Aos 'piratas' é atribuída a culpa da perda de receitas da indústria. Não 
se cita qualquer estudo que demonstre essa perda; os jornais de 
referência repetem o 'diz-que-disse' dos representantes da indústria. Os 
piratas são responsáveis pelo declínio dos video-clubes, lê-se, sem 
qualquer referência ao aparecimento de 'TV boxes' vendidas pela Vodafone 
ou PT que tornam o aluguer de filmes muito mais prático e cómodo.

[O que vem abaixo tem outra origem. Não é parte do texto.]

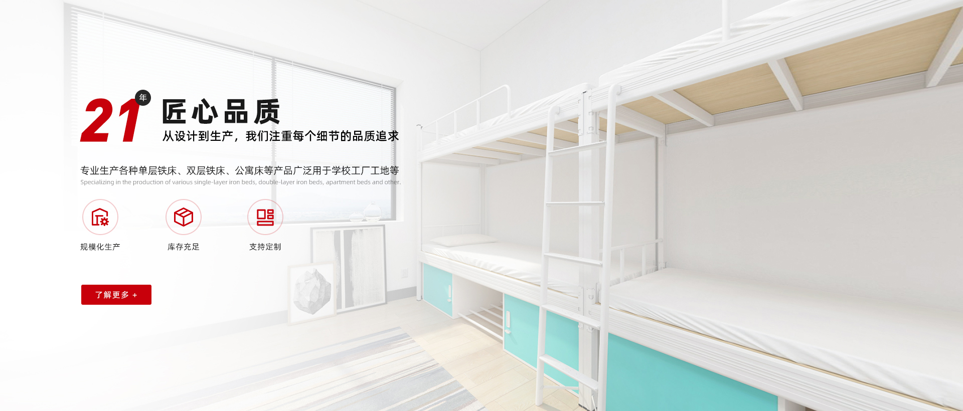 選擇冠迪五金鐵床的 理由 現代化生產制造企業,為超過1000企業單位提供公寓宿舍鐵床鐵柜整體解決方案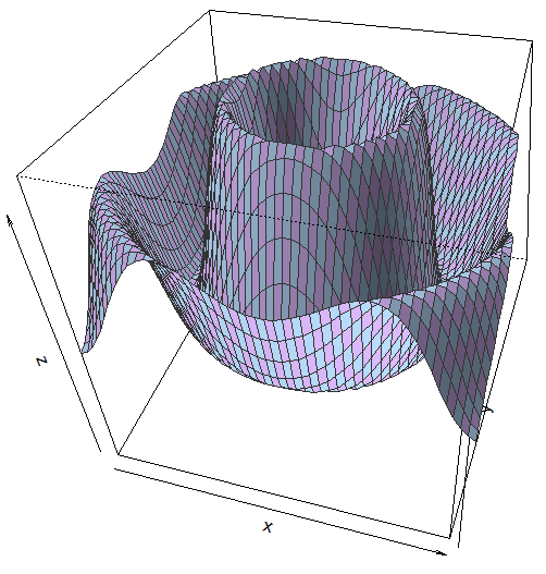 sqrt( (x+cos(y)/10) ^2 + (y - sin(x)/5) ^2) +

Mas mesmo aceitando a tese da perda de lucros, surpreende que uma 
indústria tenha uma quebra de receitas quando trata o seu público-alvo 
desta forma? Passando 'sketches' a apelidar o público de criminoso antes 
de cada filme, introduzindo métodos invasivos de protecção à cópia que 
muitas vezes restringem os usos legítimos do produto comprado, e 
propondo mesmo a monitorização e controlo das ligações e transmissões 
privadas?

Somos naturalmente sensíveis às preocupações dos artistas no que toca às 
insuficiências do sistema de remuneração, que peca por uma distribuição 
deficiente das verbas obtidas entre os artistas, entre outros defeitos. 
É necessária abertura para repensar o direito de autor e a compensação à 
luz das novas tecnologias. No entanto, o silêncio dos artistas perante a 
real ameaça a direitos fundamentais de cidadania do seu público merece 
ser mencionado.

Pelo seu lado, a indústria sublinha que se está nas tintas para o 
público e defende que os litígios que a envolvem sejam resolvidos por 
uma entidade administrativa e não pelos tribunais (que 'tornam o 
processo demasiado lento', segundo o director-geral da AFP). 
Considerando que esta situação está prevista na lei, isto é muito grave.

Mas a questão mais perturbadora é a seguinte: como é que uma ministra de 
um Estado de Direito pode ir nesta conversa, esquecendo (?) a existência 
de uma lei que protege a cópia privada?